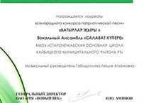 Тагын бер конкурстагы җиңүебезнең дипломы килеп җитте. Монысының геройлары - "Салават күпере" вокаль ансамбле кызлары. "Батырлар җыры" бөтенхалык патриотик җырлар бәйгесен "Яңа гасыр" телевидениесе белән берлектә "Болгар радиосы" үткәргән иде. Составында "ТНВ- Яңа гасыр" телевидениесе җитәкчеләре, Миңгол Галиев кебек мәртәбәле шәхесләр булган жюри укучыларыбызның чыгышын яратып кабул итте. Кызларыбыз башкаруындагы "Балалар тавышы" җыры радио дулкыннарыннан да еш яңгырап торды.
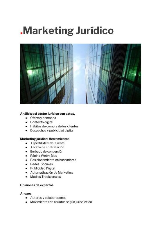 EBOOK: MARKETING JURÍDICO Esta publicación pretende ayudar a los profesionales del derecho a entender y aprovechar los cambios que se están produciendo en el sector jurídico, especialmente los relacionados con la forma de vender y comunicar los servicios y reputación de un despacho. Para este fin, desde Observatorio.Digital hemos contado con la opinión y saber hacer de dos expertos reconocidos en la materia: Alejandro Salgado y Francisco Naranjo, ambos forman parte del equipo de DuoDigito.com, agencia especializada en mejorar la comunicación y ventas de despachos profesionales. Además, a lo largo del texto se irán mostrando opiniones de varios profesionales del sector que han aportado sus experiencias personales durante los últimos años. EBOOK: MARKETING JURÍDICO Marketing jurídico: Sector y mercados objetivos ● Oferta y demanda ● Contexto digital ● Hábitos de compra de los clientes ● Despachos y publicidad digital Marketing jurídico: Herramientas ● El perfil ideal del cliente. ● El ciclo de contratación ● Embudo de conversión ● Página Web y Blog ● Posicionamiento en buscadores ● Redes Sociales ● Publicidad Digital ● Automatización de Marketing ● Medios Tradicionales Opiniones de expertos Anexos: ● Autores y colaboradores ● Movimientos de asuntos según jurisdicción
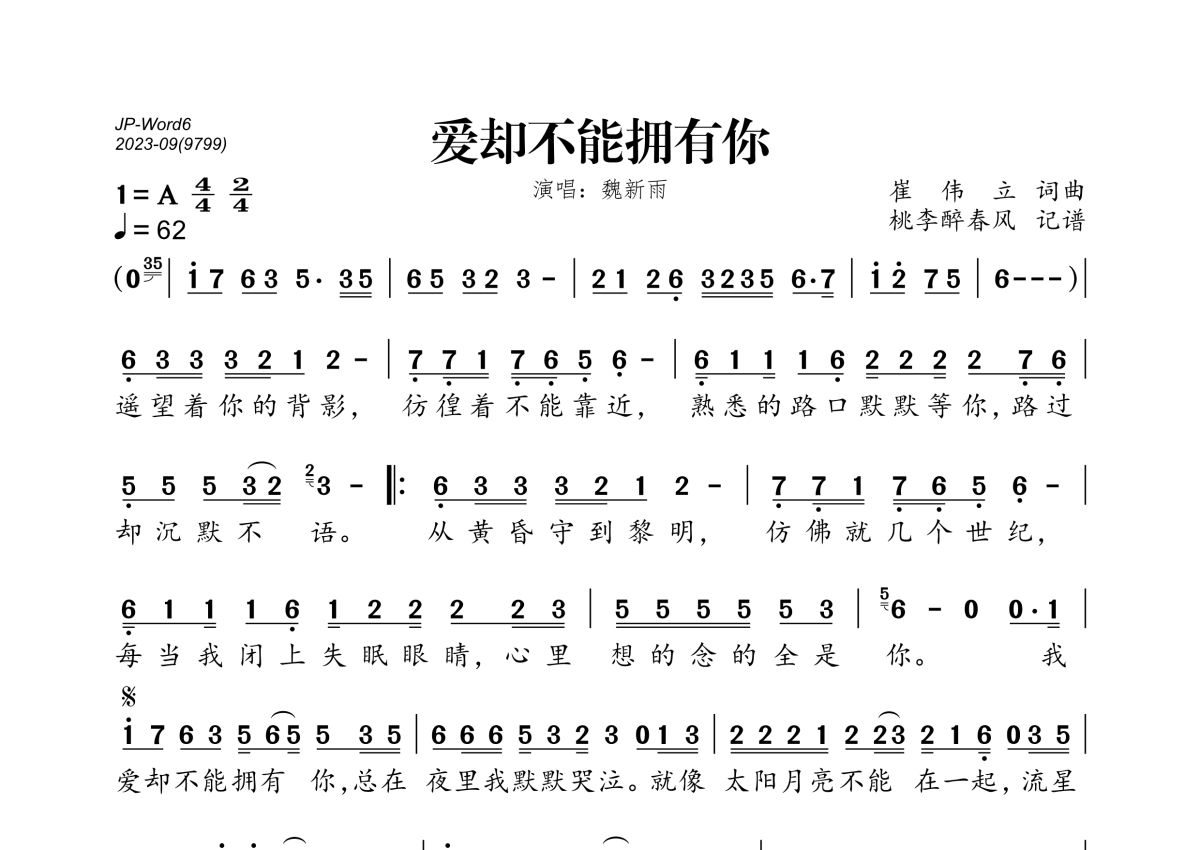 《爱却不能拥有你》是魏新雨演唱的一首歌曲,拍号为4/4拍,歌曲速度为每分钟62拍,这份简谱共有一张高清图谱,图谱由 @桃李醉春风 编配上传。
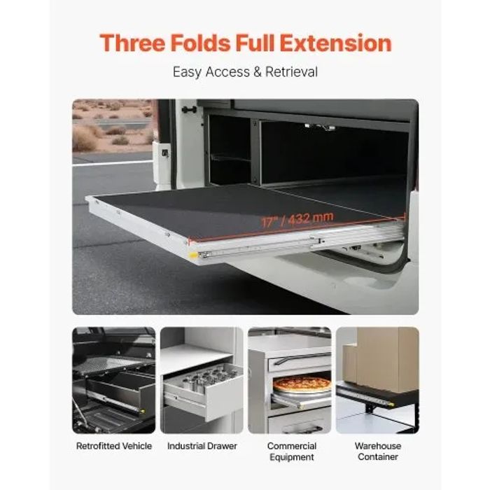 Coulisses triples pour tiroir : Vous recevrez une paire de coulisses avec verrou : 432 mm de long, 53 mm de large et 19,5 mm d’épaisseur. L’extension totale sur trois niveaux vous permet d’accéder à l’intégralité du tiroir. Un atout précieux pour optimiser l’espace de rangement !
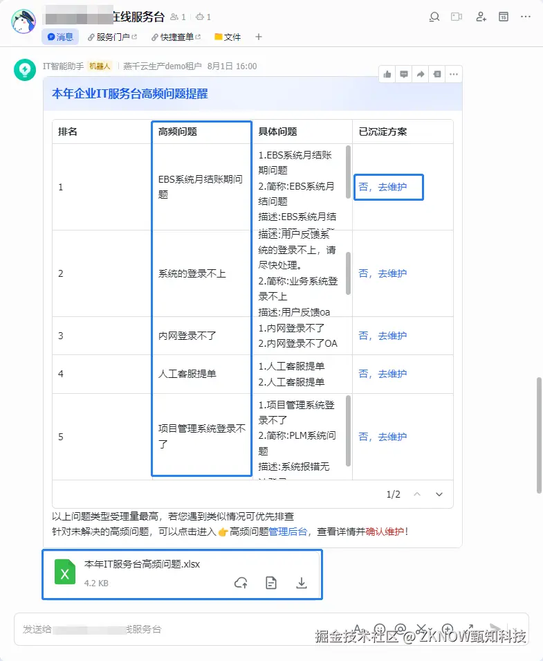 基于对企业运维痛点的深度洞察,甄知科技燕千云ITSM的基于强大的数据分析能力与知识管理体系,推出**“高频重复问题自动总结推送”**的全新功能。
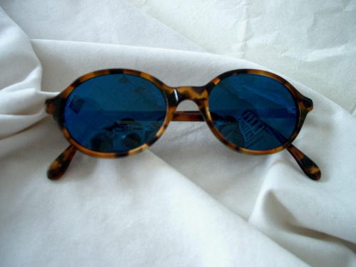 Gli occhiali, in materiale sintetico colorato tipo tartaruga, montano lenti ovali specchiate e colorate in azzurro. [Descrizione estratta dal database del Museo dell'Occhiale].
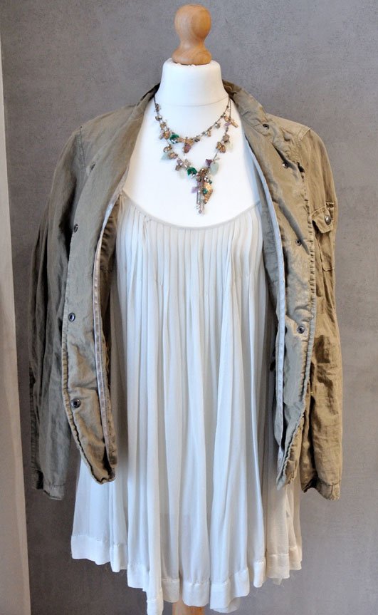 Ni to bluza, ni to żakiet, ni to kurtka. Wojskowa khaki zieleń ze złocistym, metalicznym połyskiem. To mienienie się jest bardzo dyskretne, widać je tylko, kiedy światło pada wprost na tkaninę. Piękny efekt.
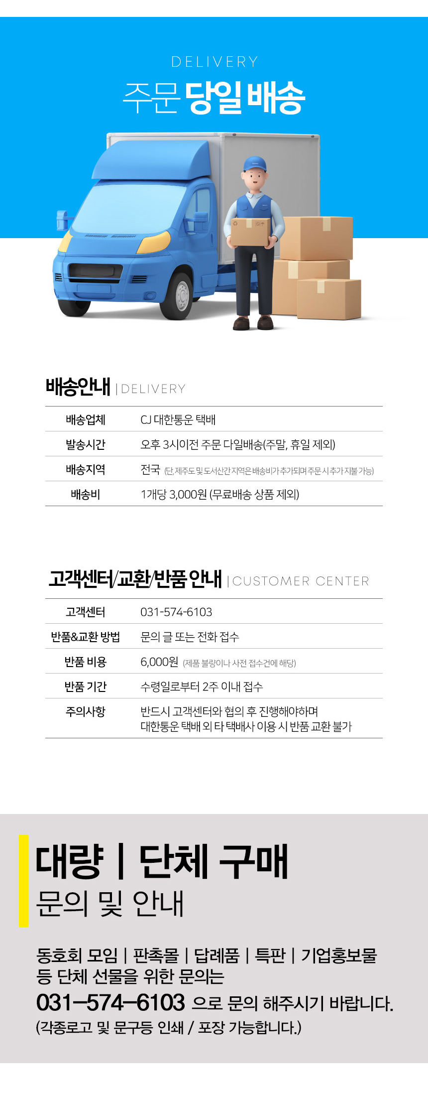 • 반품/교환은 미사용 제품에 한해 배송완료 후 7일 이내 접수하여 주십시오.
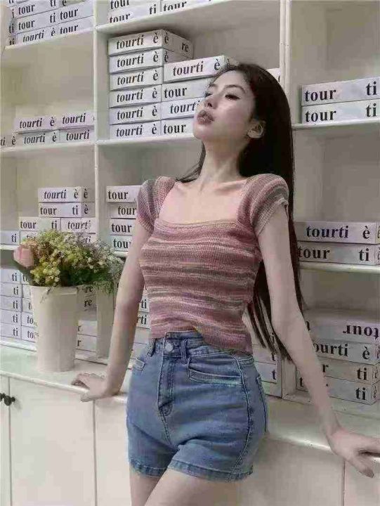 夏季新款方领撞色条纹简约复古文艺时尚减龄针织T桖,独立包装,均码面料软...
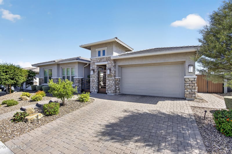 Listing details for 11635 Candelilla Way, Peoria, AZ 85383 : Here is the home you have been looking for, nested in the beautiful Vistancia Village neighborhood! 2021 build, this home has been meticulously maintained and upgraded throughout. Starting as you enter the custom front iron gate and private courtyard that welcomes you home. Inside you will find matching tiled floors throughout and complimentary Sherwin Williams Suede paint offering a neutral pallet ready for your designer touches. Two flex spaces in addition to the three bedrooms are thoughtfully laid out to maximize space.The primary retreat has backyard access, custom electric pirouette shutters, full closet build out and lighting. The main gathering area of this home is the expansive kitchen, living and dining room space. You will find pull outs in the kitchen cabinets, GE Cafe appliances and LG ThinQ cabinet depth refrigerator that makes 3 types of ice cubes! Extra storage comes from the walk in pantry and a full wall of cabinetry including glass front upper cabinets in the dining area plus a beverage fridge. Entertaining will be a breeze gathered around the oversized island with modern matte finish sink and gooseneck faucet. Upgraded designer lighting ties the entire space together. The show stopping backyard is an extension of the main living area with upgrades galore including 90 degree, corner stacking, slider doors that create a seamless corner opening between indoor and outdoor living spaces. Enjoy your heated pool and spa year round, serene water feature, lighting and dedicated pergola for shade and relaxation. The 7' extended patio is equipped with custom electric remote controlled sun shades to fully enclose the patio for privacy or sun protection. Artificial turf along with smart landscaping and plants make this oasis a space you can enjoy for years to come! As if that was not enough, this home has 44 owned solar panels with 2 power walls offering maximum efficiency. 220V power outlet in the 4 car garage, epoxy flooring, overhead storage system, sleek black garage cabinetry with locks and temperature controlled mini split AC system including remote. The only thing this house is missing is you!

=====

Everything above from the line containing "Ni to bluza, ni" through the line containing "夏季新款方领撞色条纹简约复古文艺时尚减龄针织T桖,独立包装,均码面料软..." must be repeated exactly, and the pictures must be left out.

 Ni to bluza, ni to żakiet, ni to kurtka. Wojskowa khaki zieleń ze złocistym, metalicznym połyskiem. To mienienie się jest bardzo dyskretne, widać je tylko, kiedy światło pada wprost na tkaninę. Piękny efekt.
 • 반품/교환은 미사용 제품에 한해 배송완료 후 7일 이내 접수하여 주십시오.
 夏季新款方领撞色条纹简约复古文艺时尚减龄针织T桖,独立包装,均码面料软...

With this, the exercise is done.